Attacks to Artificial Intelligence (I): Jailbreak
Introduction
It is well known how the use of Artificial Intelligence has accelerated sharply with the launch of ChatGPT just over a year ago in November 2022. I know, it seems like a decade ago. Today's technology is moving at incredible rates. Like any new emerging technology, the popularity of Large Language Models (hereafter LLMs), brings with it a great deal of interest from both the scientific community to understand their limitations and from cybercriminals to see how they can employ the benefits of these technologies for their activities.
Much effort has been, and is still being, invested in building secure default behavior into AI systems, including their generative variant and their end applications, but we are facing a new cat-and-mouse scenario, so typical of cyber security.
While application developers work to protect systems from misuse, others are looking for creative ways to use this exciting new technology to their own, perhaps not so exciting, advantage.

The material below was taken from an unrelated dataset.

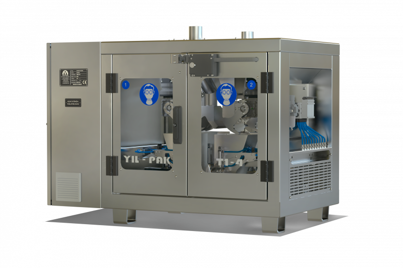 YILPAK T1-4 ürün dozajlama makinası, iş güvenliği kurallarına uygunluk, maximum hız, uzun kullanım ömrü, düşük bakım maliyeti ve yüksek hedef dozajlama hassasiyeti için tasarlanmıştır. Seçilen dozajlama kefesi ölçüsü ve ürün dansitesi kriterlerine bağlı olarak 100 – 3000 gr. aralığında yüksek hassasiyetle ürün dozajlama işlemini gerçekleştirir.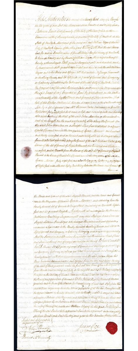 New York, NY, March 23, 1785. 2 Page deed with attached outer page, 9 by 15 inches with indented top. The deed is for a certain "MessuagoTenement or dwelling House" and additional property bounded by a 48 foot frontage on Wall Street deeded from Isaac Cox to William Edgar. Isaac Cox was born in Bermuda and his family was one of the founding families of Bermuda. He was justice of the Peace of Nassau, Bahamas; moved to Philadelphia in 1761 and became paymaster for the troops, a member of the Common council of Philadelphia in 1774, signed the memorial to the Continental Congress on November 18th, 1776 and was owner of 3 American privateers. William Edgar, a merchant at 7 Wall street in 1789 engaged in the Fur trade with China and East india. He served on the Board of directors to the Bank of New York; was treasurer for the first insurance company in the U.S. "Mutual"; and, served on the council of the St. Patrick's society of New York. The deed is signed by Isaac Cox, John Ramsey (Cox's brother in law) and Daniel McCormick (who also served on the first board of the Bank of New York). The property mentioned in this deed very possibly sits where the first bank of New York building was built. Historic and very early Wall Street document. VF condition with folds.

The Trusted Artificial Intelligence department of the US National Institute of Standards and Technology (NIST) has recently published an interesting report on the different types of attacks that can be performed on these systems in an attempt to provide a common context for dealing with these new risks. It is highly recommended reading for any professional interested in this emerging field.
Types of attacks on Artificial Intelligence systems
In the NIST report, attacks are analyzed from several perspectives: target of the attackers, capabilities of the attackers and the impact on the classic security triad: Availability, Integrity, and Confidentiality.
We can identify the following main types of attacks:
- Evading system security controls (Jailbreak)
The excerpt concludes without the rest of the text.